He started his career in various management positions at General Electric Company. In an interview with Forbes, he counted his first bosses, while at General Electric, Greg Liemandt and Jack Welch as having “the most profound impact” on his career. He went on to be President and COO of Legent Corporation (LGNT) and Senior Vice President of the Systems Software Division of UCCEL Corporation (UCE), both of which experienced profitable acquisitions.

Washington Life Magazine set his estimated net worth at between $300-$500 million in 2007.

At NEA Barris took telecom company $570-million company Neutral Tandem public in 2007 and $590-million Echo Global public in 2009. He is involved with NEA affiliates including satellite operator ProtoStar, TV software/hardware company Hillcrest, recently-gone-public Goji Food Solutions, online job recruitment site JobFox, information technology company MediaBank, digital distribution company SnagFilms, and social media management company Sprout Social.
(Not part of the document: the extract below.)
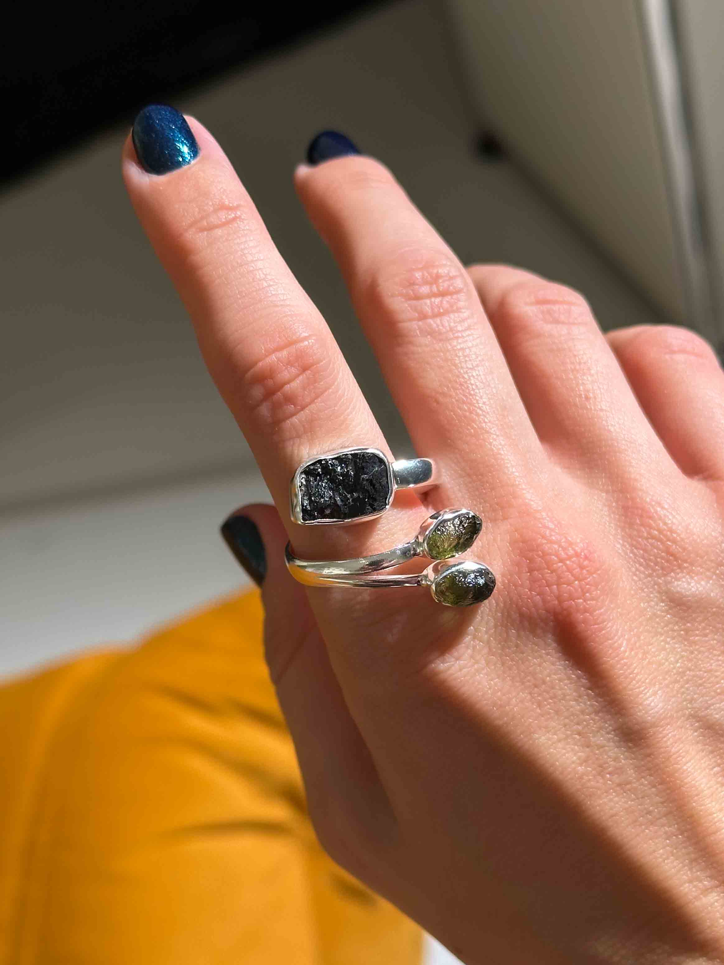 Ένα δαχτυλίδι που ενώνει τη δύναμη της γης με την ενέργεια του σύμπαντος. Η ακατέργαστη Μαύρη Τουρμαλίνη στο κέντρο του ακτινοβολεί προστασία, γείωση και σταθερότητα, ενώ οι δύο Μολδαβίτες σε σχήμα δάκρυ φέρνουν την κοσμική ενέργεια, την πνευματική αφύπνιση και την αίσθηση σύνδεσης με το άπειρο. Ο συνδυασμός τους δημιουργεί ένα φυλαχτό ισχυρής ενέργειας και σπάνιας ομορφιάς.

He is on the board of directors of public companies including Groupon (GRPN), Goji Food Solutions Ltd., Benchprep, Hillcrest Laboratories, Inc., MediaOcean, SnagFilms, and Sprout Social.

He is also on the Initiative for Sustainability and Energy at Northwestern Steering Committee. At Dartmouth he is on the board of the Tuck School Private Equity and Entrepreneur Center and launched the Barris Incubator at Tuck, which is aimed to encourage student startups. He previously served on the Executive Committee of the Board of the National Venture Capital Association and was also a founding member of Venture Philanthropy Partners, a philanthropic organization in the Washington, D.C. area.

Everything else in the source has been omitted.